>>>
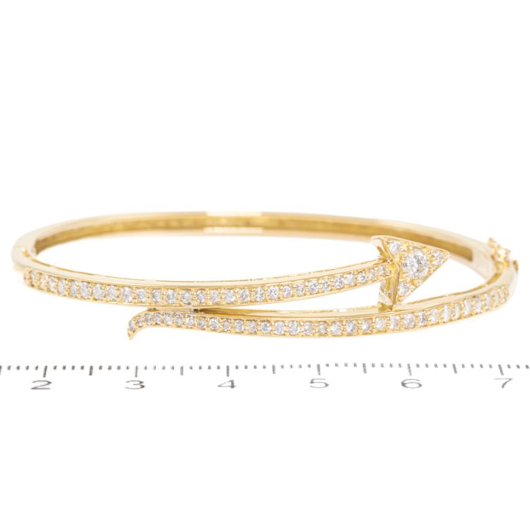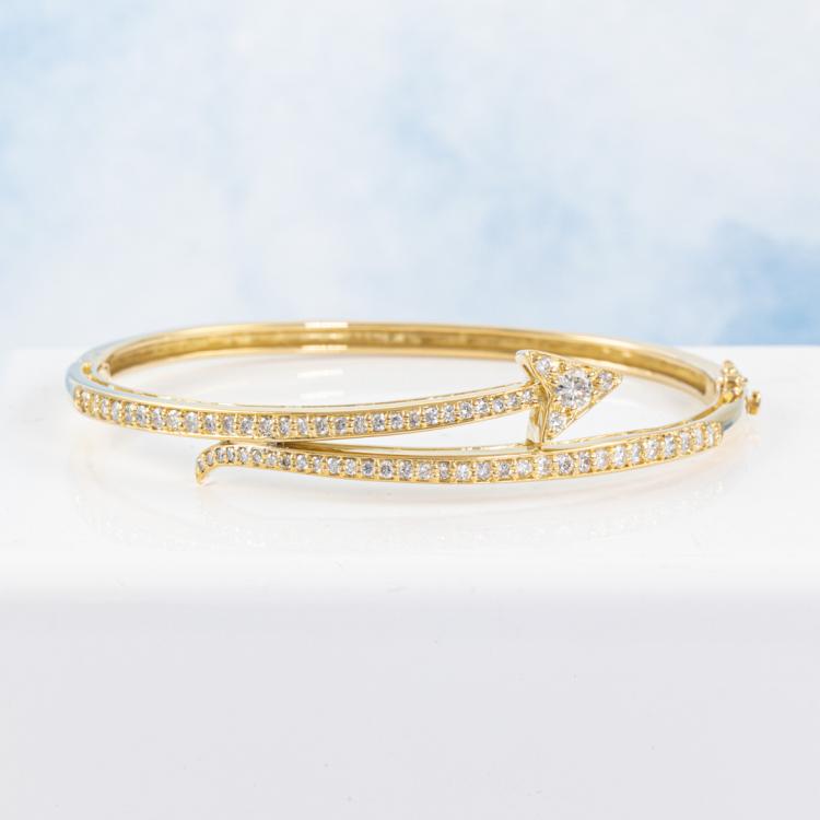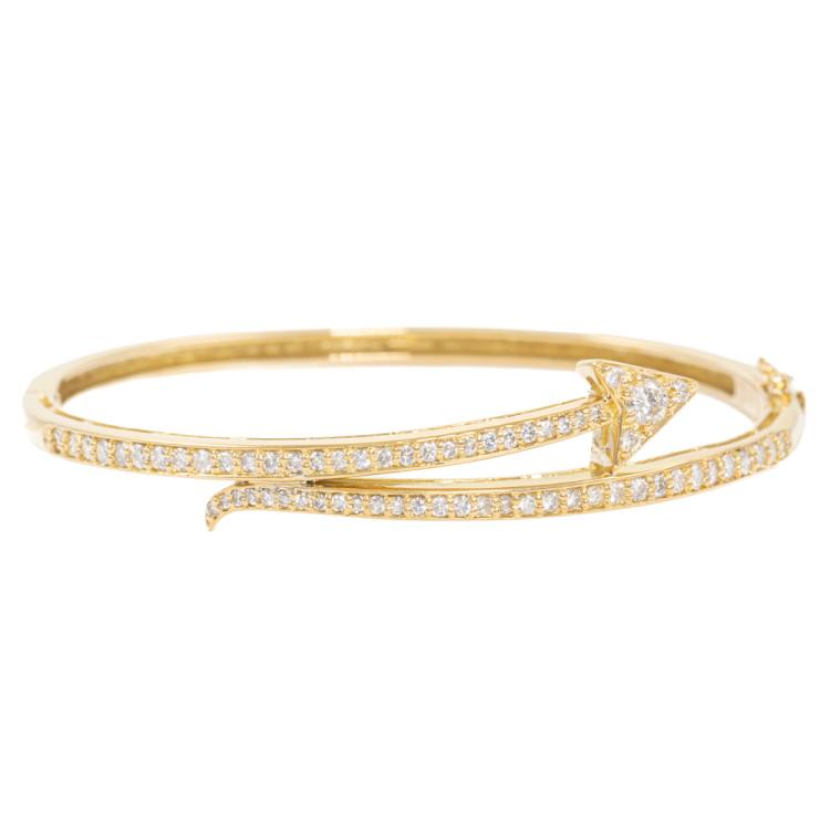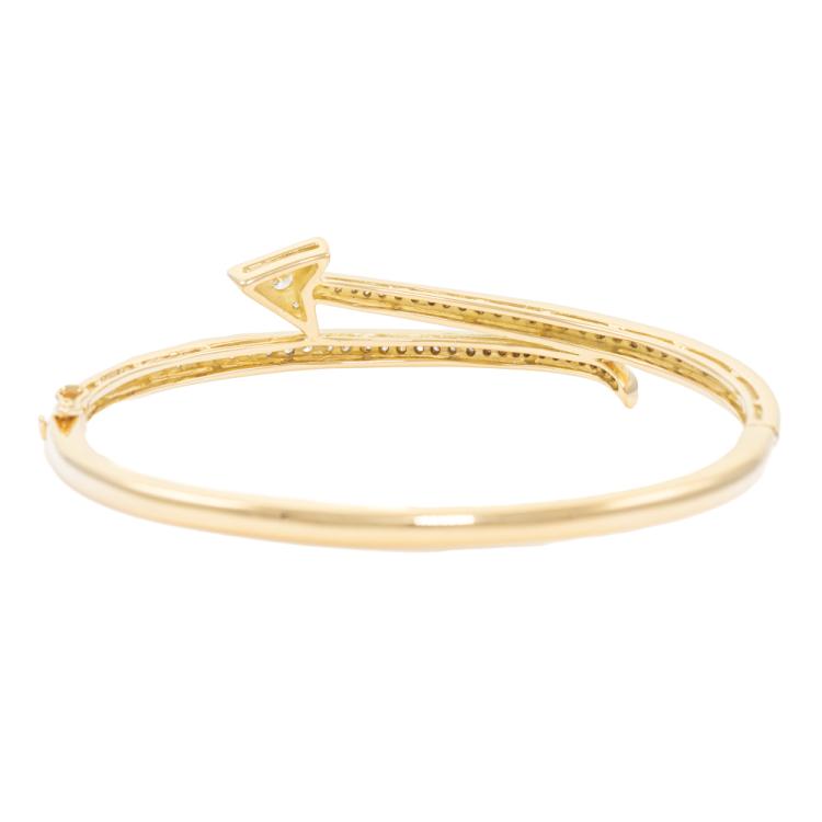 Diamond arrow design bangle with round Natural Diamonds totalling 1.21ct (Estimated Grading: I-J SI). 18ct yellow gold. Inner circumference: 16.5cm. Weight: 18.0g. With Valuation Certificate #419092. (Pre-owned)
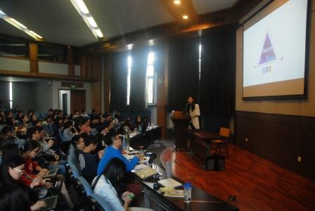 首先,孟雅馨学姐介绍了研会的基本概况,指出参加研会不仅能够锻炼和发现自己的领导能力以及组织协调能力,还能够在为高翻学院付出的过程中真正建立起对高翻学院的归属感。提到自己在研会认识的老师和同学的时候,她说在研会认识了很多优秀的人,这让自己也在无形中一直用高标准来要求自己,而在这一年的工作中,她也一直受到了老师们的关怀和帮助,这让她更加从心底里热爱高翻这片热土。
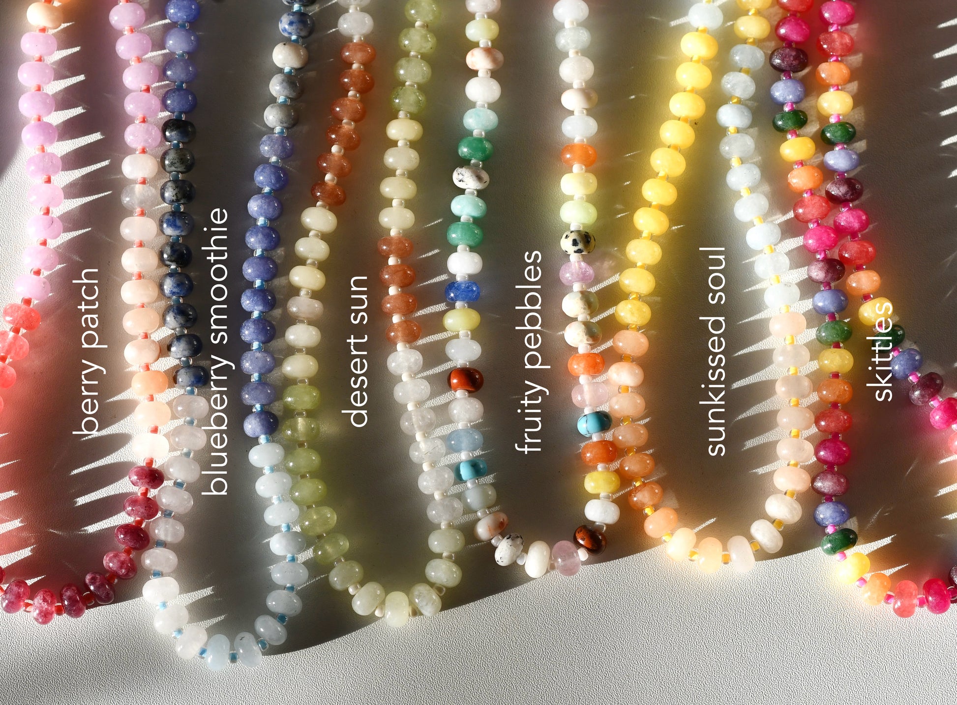 This is a gorgeous gemstone necklace that has pretty heishi/rondelle beads. They come in many different colors and are extremely durable! These findings will not tarnish or rust!
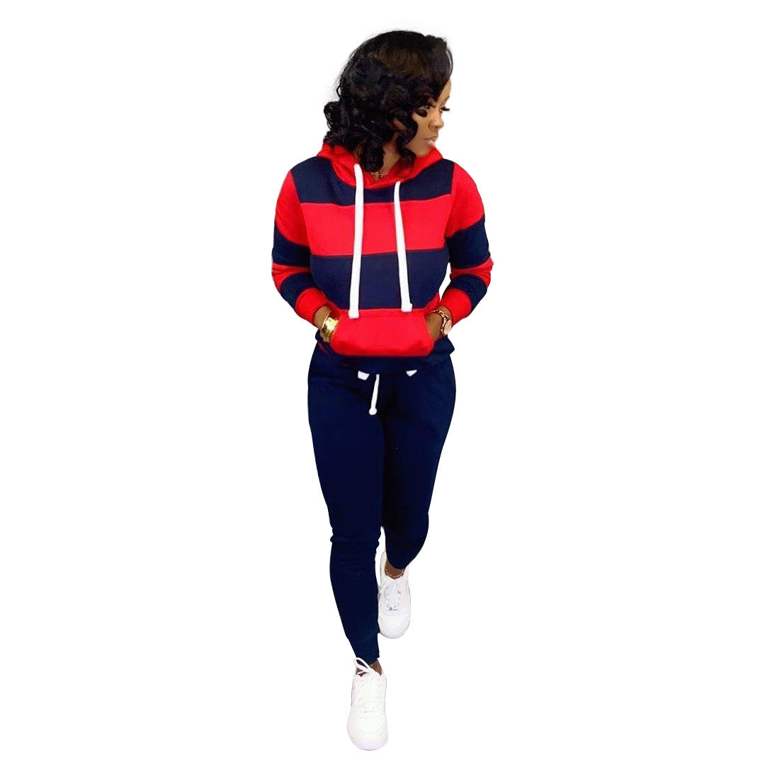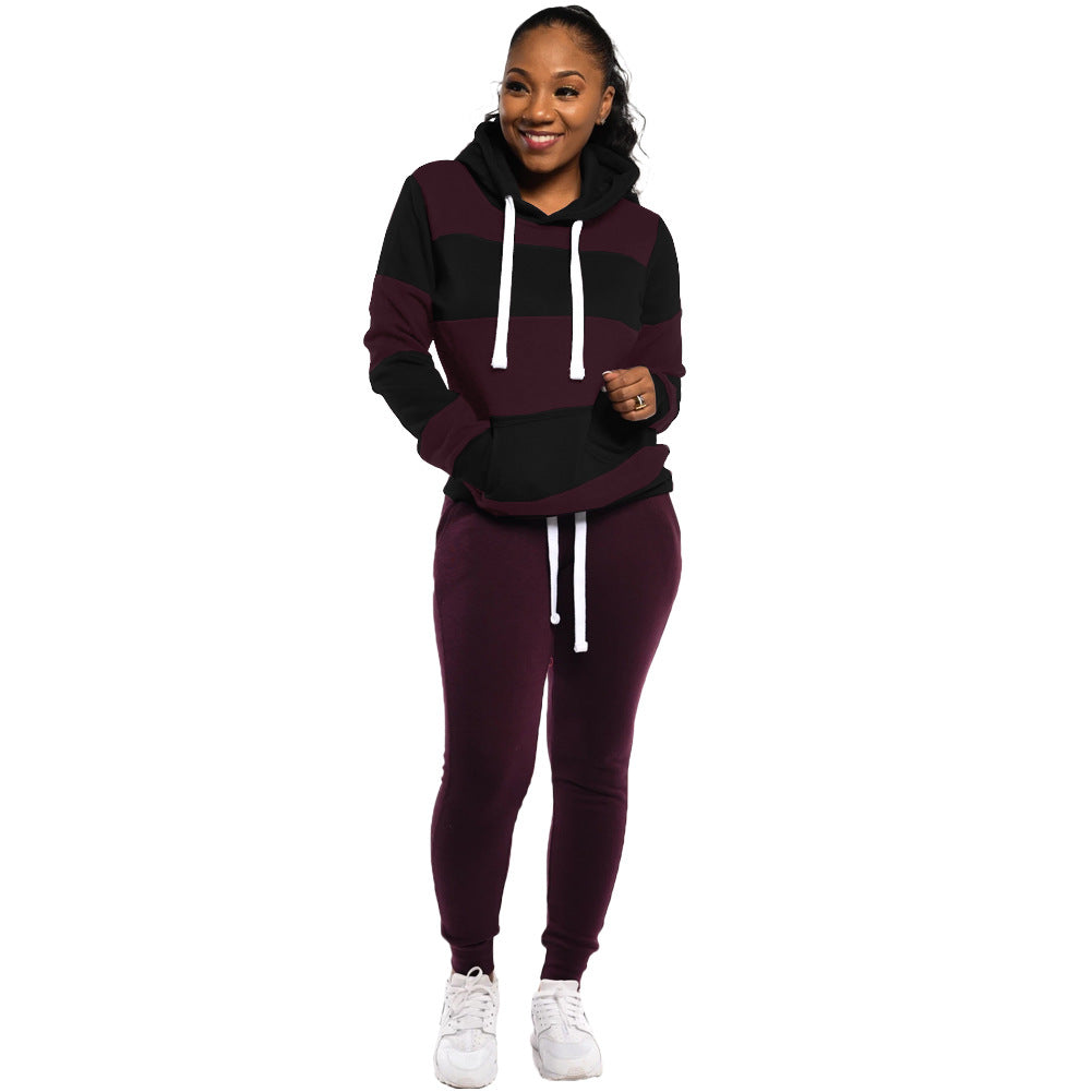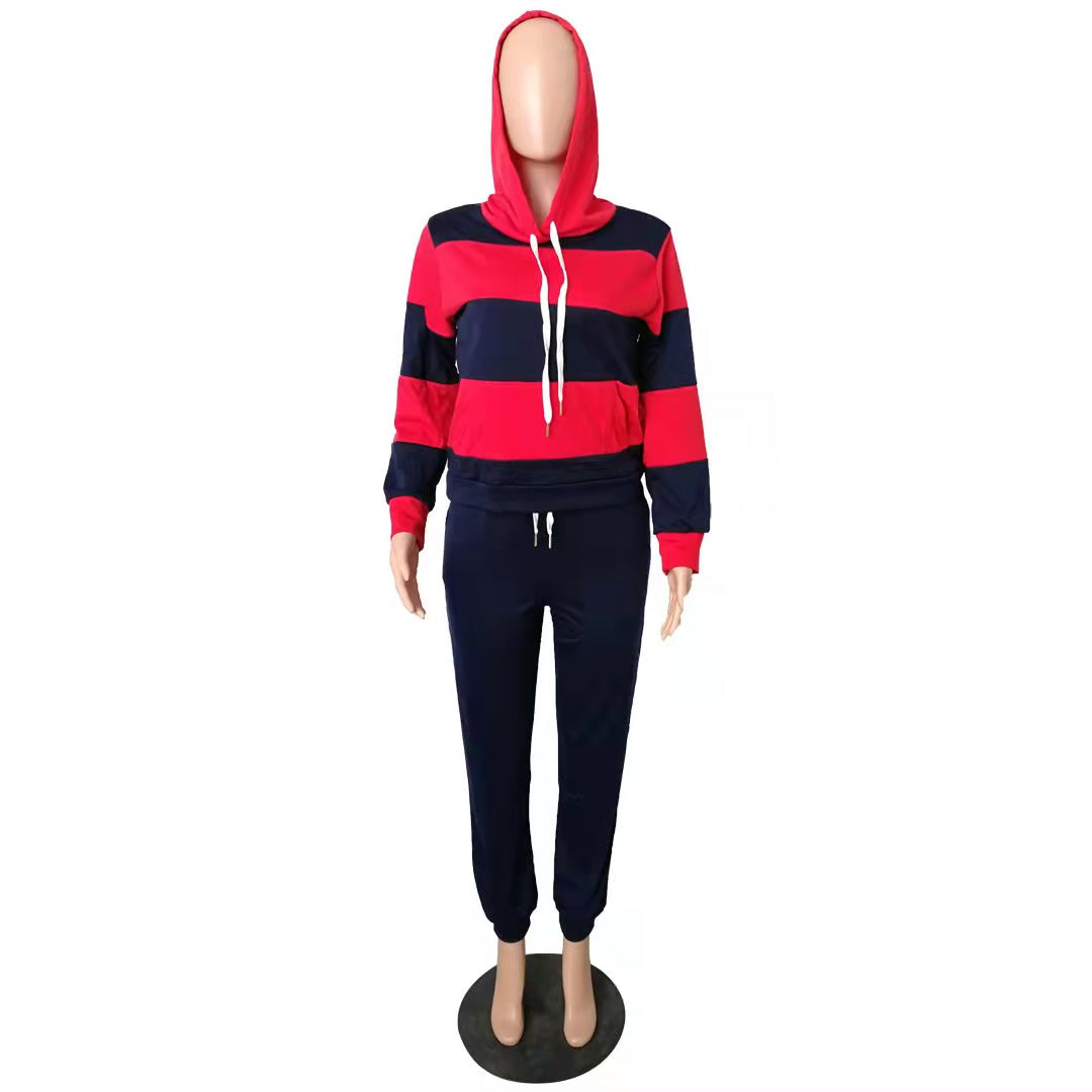 Wholesale women's patchwork hoodie and trouser suits 2pcs(CL8165)
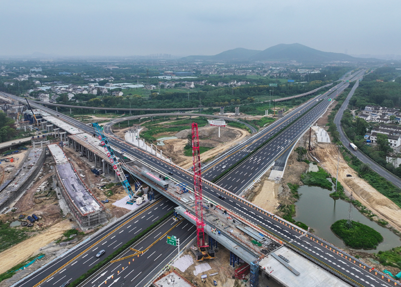 9月13日拍攝的滬武高速公路擴(kuò)建工程江陰段上跨京滬高速公路鋼箱梁架設(shè)施工現(xiàn)場(chǎng)(無(wú)人機(jī)照片)。
<<<
* **BRIEF**
Everything from the line with "Wholesale women's patchwork" through the last line of the listing should be retyped exactly, with both end lines kept and the pictures left out.

* **ANSWER BOX**
 Wholesale women's patchwork hoodie and trouser suits 2pcs(CL8165)
 9月13日拍攝的滬武高速公路擴(kuò)建工程江陰段上跨京滬高速公路鋼箱梁架設(shè)施工現(xiàn)場(chǎng)(無(wú)人機(jī)照片)。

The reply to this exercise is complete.